• [What the task requires] Leaving out all pictures, write down exactly the lines from the one containing "今回のホルトウィンターズ法が" through the last line of the material.

• [Data provided]
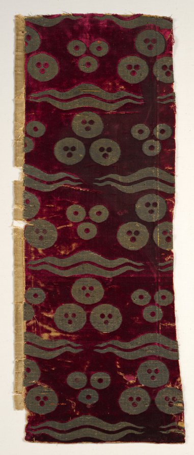 This early Ottoman brocaded velvet was woven in an imperial workshop in the prosperous city of Bursa, the silk capital and major commercial center of the Ottoman Empire. It has exceptionally rich crimson silk pile, almost twice as dense as later monochrome velvets. The brocaded pattern of three balls and paired wavy bands is known as chintamani, derived from the Sanskrit word for a popular Buddhist motif, “the three jewels,” shown surrounded by flames or foliage in Buddhist art across Asia. Based on the high frequency of its use in art for the Islamic court of the Ottoman Turks, it appears to have been a favored motif and possibly even an unofficial imperial emblem.
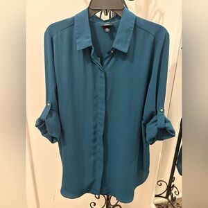 Elegant deep teal shirt with button-down design. Perfect for casual or formal wear. In good condition.
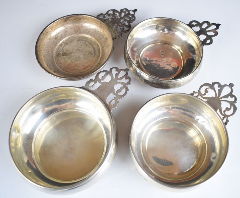 Four American silver single handled bowls, all marked sterling, makers include Newport, Underwood's and Wallace, length of largest 17cm, weight 361g
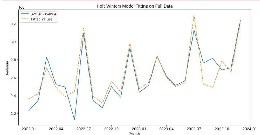 今回のホルトウィンターズ法が最善というわけではないと思いますので、実務ではもっといろいろ試してみる必要があります。
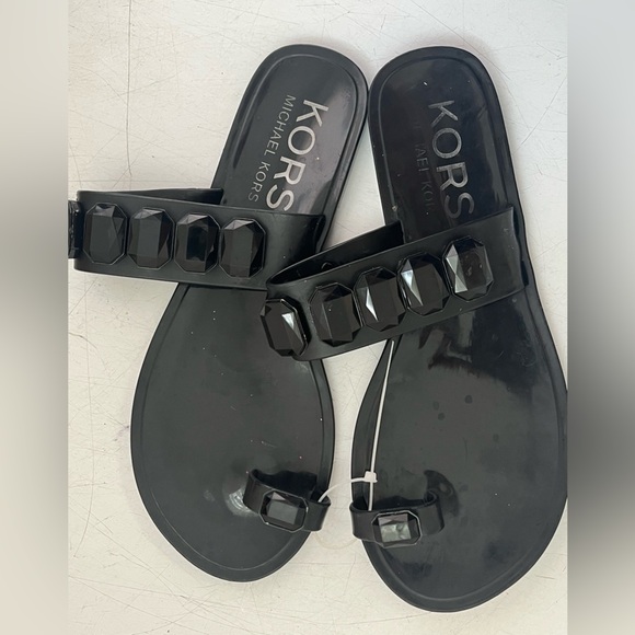 Elegant black sandals with glossy finish. Features bold gem accents. Ideal for chic casual looks. Preowned size 7

• [Exercise answer]
 今回のホルトウィンターズ法が最善というわけではないと思いますので、実務ではもっといろいろ試してみる必要があります。
 Elegant black sandals with glossy finish. Features bold gem accents. Ideal for chic casual looks. Preowned size 7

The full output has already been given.